“About damn time, Flynn.” She slung a glare my way and then went ghost white. “What the hell happened to you?”
I paused, held out my hands to each side. “I got dressed. Like it?”
She looked over at Dash as though maybe he had something to say about my wardrobe.
“You’d better get used to it,” he said to me. “Because you just disintegrated all the rest of your clothes.”
The dresser. He was right.
Well, shit.
“How bad was it?” Cody asked, coming in from the kitchen with a plastic cup of pudding.
“What?”
“Death magic. You drained . . . something, drank some living thing down and it fueled you, right? But there must be a price.”
At my look, he said, “I’m the guy who held all of magic until it healed, remember? You’re an anomaly, Shame. I can see it in you. Before today, I wouldn’t think someone could come back from the dead with that much Death magic gluing them together. What’s it like?”
“Hungry,” I said. “Cold. Painful.”
He nodded and scooped pudding into his mouth. “And the price?”
“Having to answer dumb questions.”
He ate another bite of pudding and waved the spoon at me. “By changing the subject?”
Sunny and Davy were silent, but I knew that was the question foremost on their minds too.
I didn’t blame them. They were about to road-trip with Death, after all.
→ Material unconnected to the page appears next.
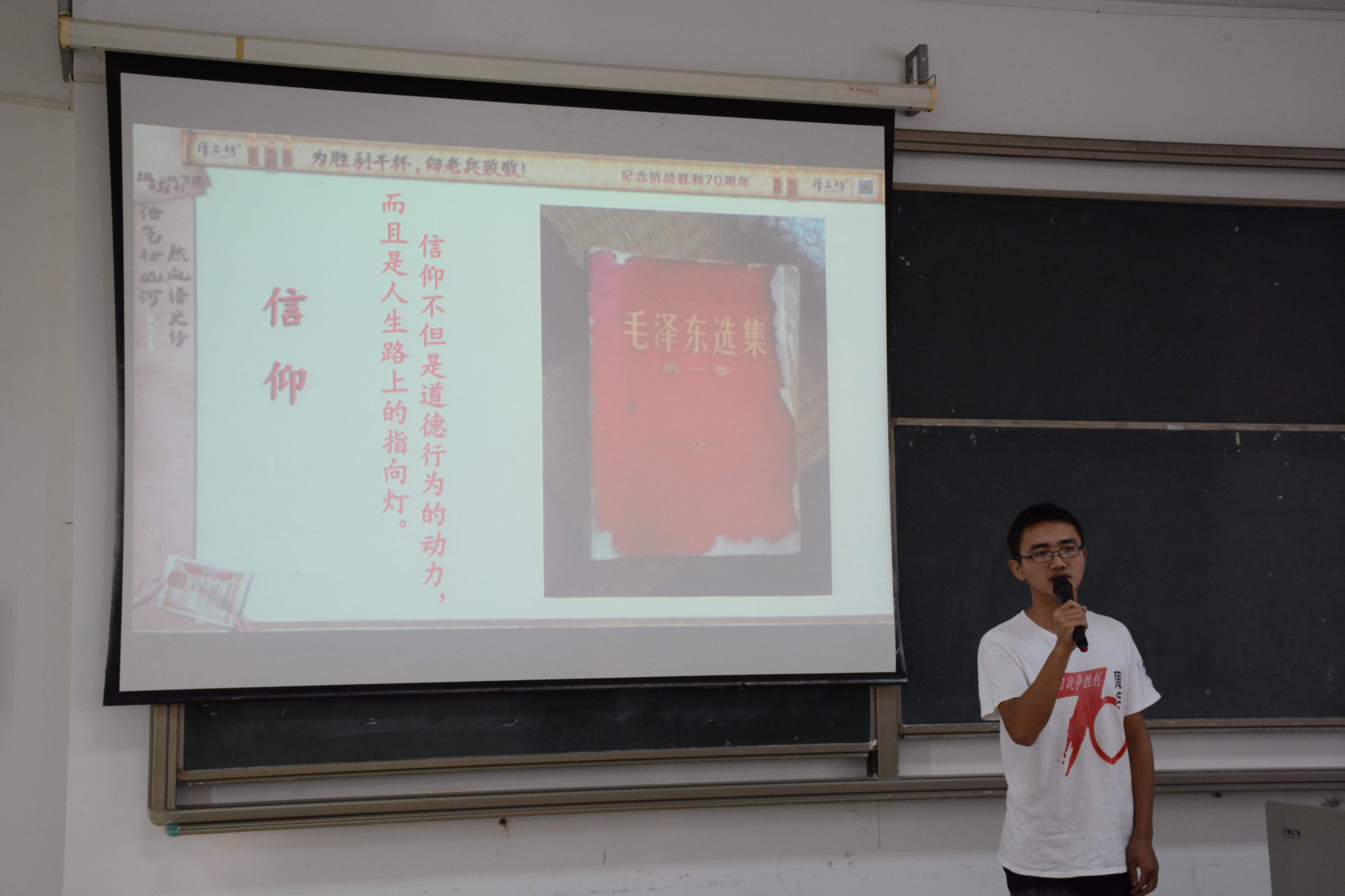 12月13日上午,在3号教学楼212课室,suncitygroup太阳集团“致远传承”寻访团为第十一期党课积极分子带来了一场别开生面的党课——分享了团队暑期纪念抗日战争胜利70周年寻访活动经历、体验和收获。出席活动的有辅导员崔建兵、崔万春老师,分享成员有起家林、朱凯峰、李贺、杨建平、李庆庆等五名同学。会议由机械系第一员工党支部宣传委员金杯主持。

You’d have to be an idiot not to want to know if I had magic under control.
“It’s different,” I said. “But I think I have a handle on it. And as long as I don’t use it, I think I’ll be okay. I think you’ll all be okay. If that changes, I’ll tell you.”
I walked to the door and pulled my coat off the hook. “How about we get on with the rescuing of Davy and the saving of the world?”
“So you’re good, Shame?” Sunny asked.
I just gave her a bored look. “I’ve never been good, babe.”
She glanced at Dash again as if he were my keeper or something. “All right,” she said, uncrossing her arms and picking up her duffel. “Let’s go. And you can cut the ‘babe’ shit.”
Dash strolled up to me. “So we’re going to pretend you have control?”
“I’m going to pretend you didn’t ask me that.”
“And we’re ignoring all that black blood that poured out of you, and gray light and magic that destroyed your dresser?”
“It wasn’t blood,” I said. “It was Death.”
“So is that what we are paying attention to?”
“You’re still standing. That’s what we’re going to pay attention to.”
“My survival? Was that a problem?”
“No. Maybe. Hell, I don’t know, Dash. Right now I have control over the magic inside me. I’ll tell you if that changes. I don’t want to hurt anyone.”
“That’s good to hear,” he said. “So listen to me now. I don’t want you hurt either. If you need help with that magic, if you need us to do something for you, or to you, tell us.”
“Sure,” I said. “I’ll do that.” Not that anyone could do anything. Still, he seemed comforted by my words.
His phone rang and I motioned for him to step through the door. I followed as he answered the call. Didn’t bother to lock the door behind me.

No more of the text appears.